Questo blocco di calcare, proveniente da una cava di Camposoriano, venne utilizzato, insieme a molti altri massi che vi furono trasportati, per la pavimentazione del molo di Rio Martino, a Latina. E proprio là fu scoperto nel 2016, e fatto notare al Dipartimento di Scienze della Terra dell’Università La Sapienza di Roma.

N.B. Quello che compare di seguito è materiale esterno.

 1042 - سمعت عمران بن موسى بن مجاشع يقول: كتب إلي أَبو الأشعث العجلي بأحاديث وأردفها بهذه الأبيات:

2. Le ricerche scientifiche: chi l’ha studiate?
Dopo i primi sopralluoghi esplorativi, il reperto è stato studiato dal professore Umberto Nicosia, e poi affidato a Paolo Citton e Marco Romano per indagini specifiche adatte, che hanno permesso di raccogliere diversi dati strumentali e di compararli con molte letterature scientifiche di riferimento, in collaborazione con Jacopo Nicolosi e Roberto Carluccio dell’Istituto Nazionale di Geologia.

3. Datazione
Le valutazioni e i risultati dell’attività di ricerca dei due studiosi, pubblicati con due contributi editoriali su riviste scientifiche internazionali (leggi qua), mettono in evidenza innanzitutto che questa roccia ha un’età di 113 milioni di anni, epoca cretacica derivante da una piattaforma carbonatica del periodo aptiano/albiano inferiore. Il calcare ha preservato nel tempo le impronte lasciate da un dinosauro di media taglia che procedeva in posizione accucciata in un acquitrino paludoso di acqua dolce, con un atteggiamento cautelativo sopra substrati molli, come potevano essere, allora, i fanghi non ancora litificati (diventati roccia) della piattaforma carbonatica. 

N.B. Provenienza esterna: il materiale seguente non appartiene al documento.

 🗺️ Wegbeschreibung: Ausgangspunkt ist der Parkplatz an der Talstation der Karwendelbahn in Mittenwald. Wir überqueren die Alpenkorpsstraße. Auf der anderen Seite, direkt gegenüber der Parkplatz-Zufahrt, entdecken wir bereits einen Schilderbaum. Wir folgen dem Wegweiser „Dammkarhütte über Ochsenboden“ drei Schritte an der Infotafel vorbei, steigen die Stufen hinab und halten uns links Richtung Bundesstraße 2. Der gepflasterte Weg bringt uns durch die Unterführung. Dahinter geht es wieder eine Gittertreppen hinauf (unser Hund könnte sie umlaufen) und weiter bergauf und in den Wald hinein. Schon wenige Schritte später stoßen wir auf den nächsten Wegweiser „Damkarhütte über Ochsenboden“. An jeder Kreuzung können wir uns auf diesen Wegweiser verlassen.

4. Cosa stava facendo quando ha lasciato l’impronta?
L'osservazione accurata e l’analisi scientifica dell’impronta conservata dalla pietra scavata come una matrice, o uno stampo lasciato dalla pressione di una delle zampe dell’animale, ha permesso ai due studiosi di stabilire che, in quel preciso momento, esso si muoveva con un’andatura “gattonante”, lentamente con il corpo vicino al suolo incerto, sul quale poggiava nello stesso modo anche con gli arti anteriori e i lunghi metatarsi, con i quali poteva raggiungere una superficie di contatto maggiore con il terreno, scongiurando un probabile sprofondamento, come se fosse durante un agguato, vicino a una fonte d’acqua o di cibo.

5. Chi era?
Con l’utilizzo di metodi morfometrici e comparando i dati ricavati dal reperto con il materiale scheletrico di riferimento ad oggi conosciuto, la ricerca ha permesso di stabilire che il possibile autore delle tracce risulta molto compatibile con dinosauri tripodi del gruppo degli Ornithomimosauria, con un’affinità maggiore al genere Struthiomimus. Doveva essere lungo circa tre metri, con un’altezza verso l'anca di poco superiore al metro. Era agile veloce, non possedeva ali né piumaggio, e non era in grado di volare. Correva sulle lunghe zampe posteriori, facendo presa sul suolo con gli artigli ricurvi delle dita. Si serviva della coda, snella ma rigida, per stare in equilibrio. Gli arti anteriori erano più brevi e sottili con due prese a tre dita lunghe, che utilizzava per raggiungere o afferrare il cibo.